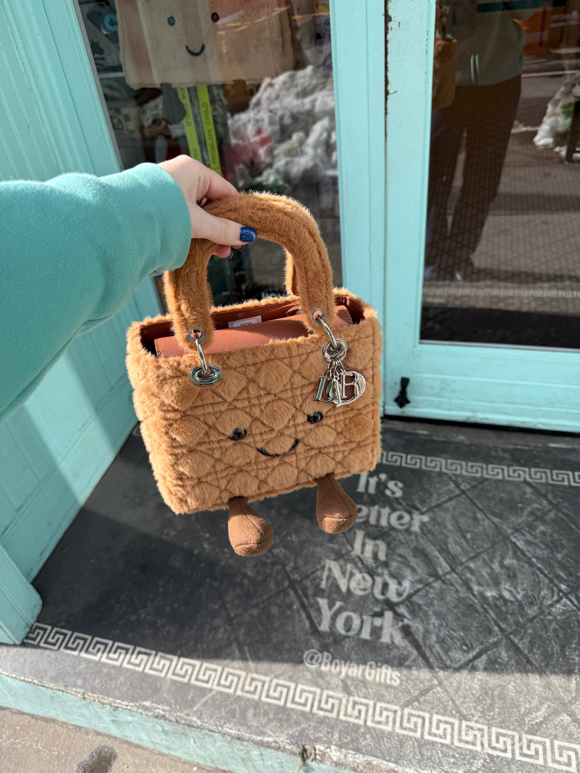 It’s a small, structured top-handle handbag in a warm caramel/cognac tone, fully covered in plush faux-fur with an allover quilted diamond pattern. The texture gives it a soft, teddy-bear feel while the classic quilting silhouette keeps it polished and elevated.
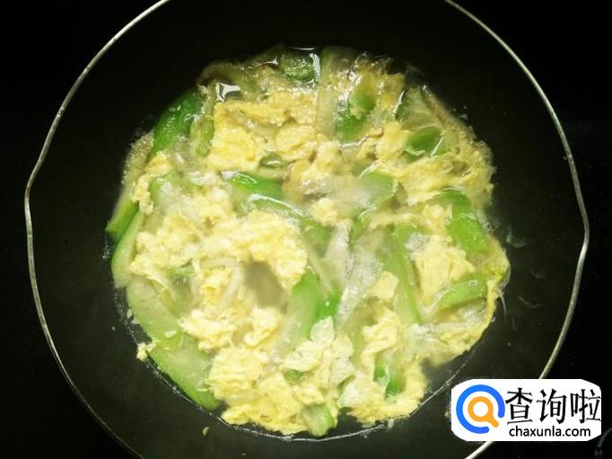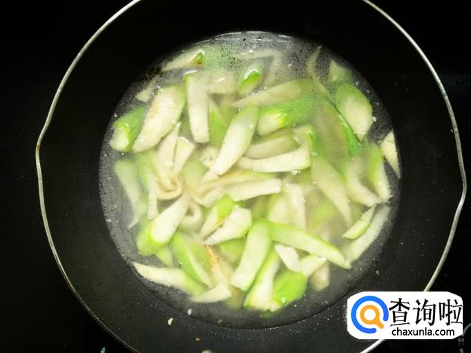 丝瓜炒软后加入适量的水,等水煮开后放入姜片。
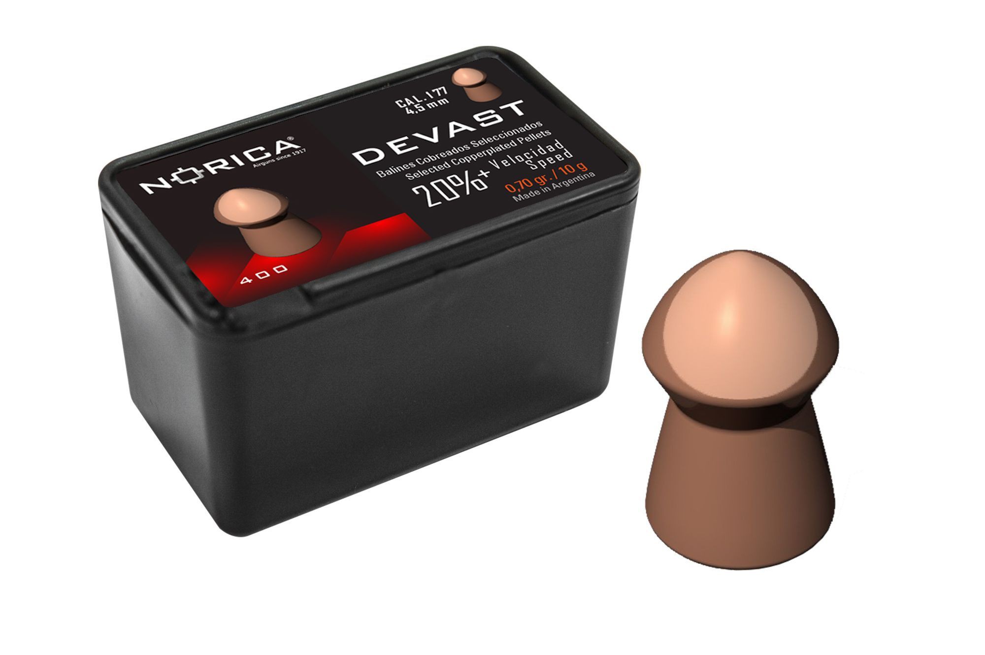 Los balines Norica Devast tienen un diseño aerodinámico y completamente equilibrado, útil para disparos a larga distancia con poder de penetración, así como para control de plagas. Este perdigón ha sido fabricado con una combinación de plomo y cobre, y la caja está compuesta por 400 unidades.
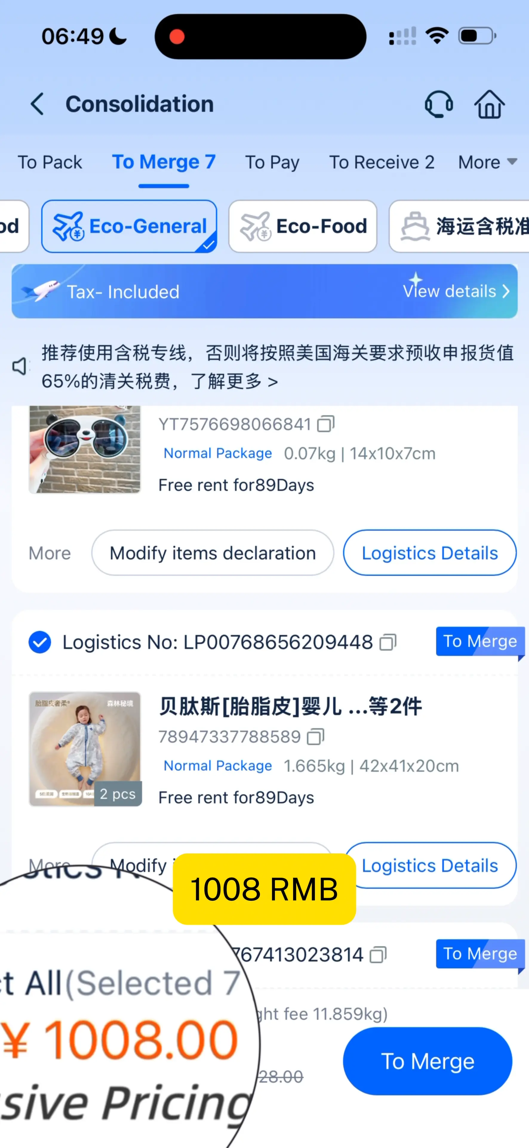 By doing this, CAINIAO recalculates your shipping weight after removing all that excess packaging. In my case, this step reduced the fee by another ¥357 RMB (about $50 USD)!

AIM OF THE EXERCISE:
Quote the data above in full and without alteration; skip the pictures.

RESPONSE TO THE EXERCISE:
 It’s a small, structured top-handle handbag in a warm caramel/cognac tone, fully covered in plush faux-fur with an allover quilted diamond pattern. The texture gives it a soft, teddy-bear feel while the classic quilting silhouette keeps it polished and elevated.
 丝瓜炒软后加入适量的水,等水煮开后放入姜片。
 Los balines Norica Devast tienen un diseño aerodinámico y completamente equilibrado, útil para disparos a larga distancia con poder de penetración, así como para control de plagas. Este perdigón ha sido fabricado con una combinación de plomo y cobre, y la caja está compuesta por 400 unidades.
 By doing this, CAINIAO recalculates your shipping weight after removing all that excess packaging. In my case, this step reduced the fee by another ¥357 RMB (about $50 USD)!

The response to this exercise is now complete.